Posterous theme by Cory Watilo

List of Day-Enders

I was walking to class yesterday, soaked to the bone from the torrential rains Philly was enduring, and I got to thinking...while being soaked from rain isn't one, there are a number of things that, once having happened, indicate my day is over. What I mean to say is, there are certain things that will immediately put an end to my excursion. Should they happen, I would turn right around and go home. These are a few I thought of:

  1. Any sort of spilling on to the groinal region. If I drive to the train, get the train, start walking to class and fumble with my coffee, spilling it on the front of my pants...my day is over. Right there on the street I will turn right around and go home. Theres just no recovering from that. I don't carry a spare pair of pants in my backpack and I can't pull off the sweater-around-the-waist thing. 
  2. Vomiting.

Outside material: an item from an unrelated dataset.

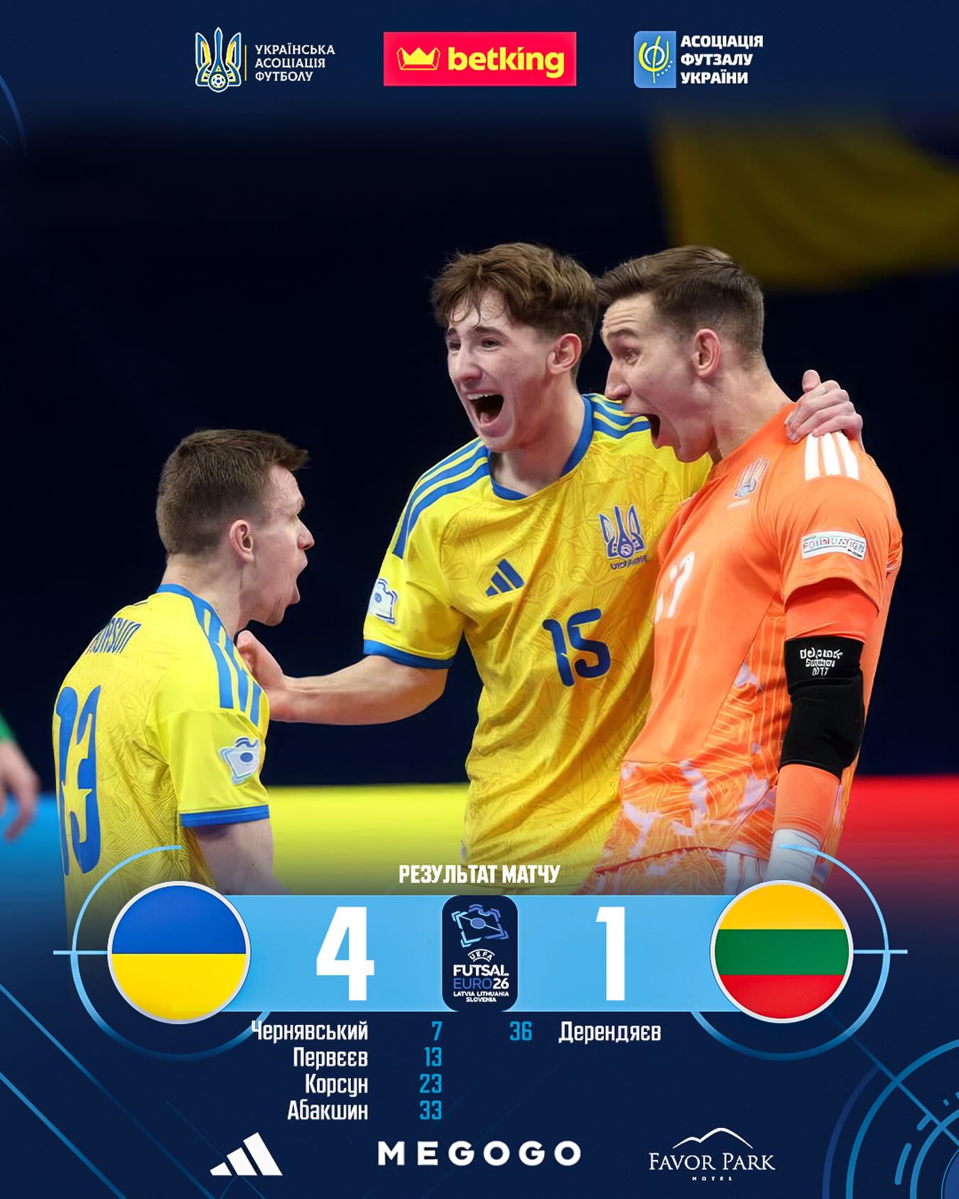 Україна розбила Литву, але втратила шанс стати першою: турнірна таблиця Євро-2026 з футзалу

I don't drink, so I've never incorporated vomiting in to my normal routine. I could be in a spaceship about to dock at the International Space Station, if I vomit, this adventure is over. Close the hatches and notify the groundcrew, I'm coming home. 
  3. Bleeding. Anything larger than a papercut and this day is done. Not only that, depending on the location, I may not be leaving my house for a while. I see people with, like, fresh scars with the stitches still in them walking around. You've got to be crazy. I'm in bed softly sobbing and trying not to move. 
  4. Crime Victimization. Robbed or mugged, and to home I go. 
  5. Lapsing in to unconsciousness. Day. Over.
  6. Bitten by a human. If I get on the train, and a dwarf that had been hiding under my seat rolls out and sinks his sharp little teeth in to my calf, I'm done. I'll get off at the next stop, wait for a train taking me back, and immediately return home.